Da es durch die Pandemie Schließungen im Bereich Restaurants und Einzelhandel gab, haben viele Studenten ihre Jobs verloren.

Esra Z.

Islamische Zeitung: Meint ihr, die Bildungspolitik hat genug unternommen, um den Student*innen entgegenzukommen?

Melek K.: Nein. Ich denke, es wurde viel auf die Pandemie geschoben und wir mussten es halt so hinnehmen. Ich habe durch Mitstudierende erfahren, dass sie Schwierigkeiten hatten bei den Anträgen für Fördermittel.

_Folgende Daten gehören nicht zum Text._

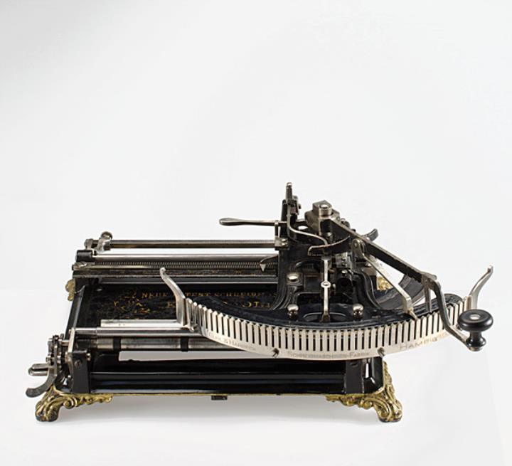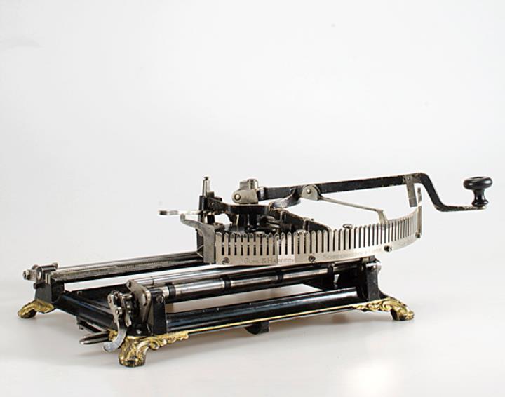 Schreibmaschine Kosmopolit Eigenschaften: Zeiger/Eintaster, austauschbare Typenplatte aus Kautschuk (90 Zeichen), Oberanschlag, Groß-/Kleinbuchstaben, Farbkissen Konstrukteur: Heinrich Guhl oder J. C. Koch Besonderheit: die Maschine wurde ursprünglich mit sechs Typenplatten geliefert

Esra Z.: Da es durch die Pandemie Schließungen im Bereich Restaurants und Einzelhandel gab, haben viele Studenten ihre Jobs verloren. Unsere Uni hat sich bereit erklärt, den Studenten, die ihren Job verloren haben, 500 Euro bereitzustellen. Also konnte man sich für diesen Fördertopf bewerben.

Meryem A.: Ich bin der Meinung, dass die Bildungspolitik schon sehr wichtige Ansätze hatte, um den Student*innen in dieser schwierigen Zeit zu helfen. Viele in meinem Umfeld haben die Überbrückungshilfen in Anspruch genommen, da sie entweder aufgrund der Pandemie gekündigt wurden oder ihren Job aufgeben mussten, weil sie zur Risikogruppe zählten.

Islamische Zeitung: Was wollt ihr nach dem Studium machen?

Esra Z.: Ich interessiere mich für Schulsozialarbeit. Seit der achten Klasse ist es mein Traum, in dieser Branche tätig zu werden. Wenn ich mein Bachelor-Zeugnis erhalte, werde ich mich auf die Suche machen und habe schon einige Schulen, bei denen ich mich bewerben werde. Ansonsten habe ich auch im Bereich des Jugendamts Interesse.

Melek K.: Nein, das weiß ich noch nicht.

Meryem A.: Mir stehen nach meinem Bachelorstudiengang sehr viele Türen geöffnet. Das heißt, ich kann in viele Richtungen gehen. Ich strebe den Master an, doch denke ich, dass ich erst in die Arbeitswelt einsteigen werde, um einfach mehr Erfahrungen für mich zu sammeln.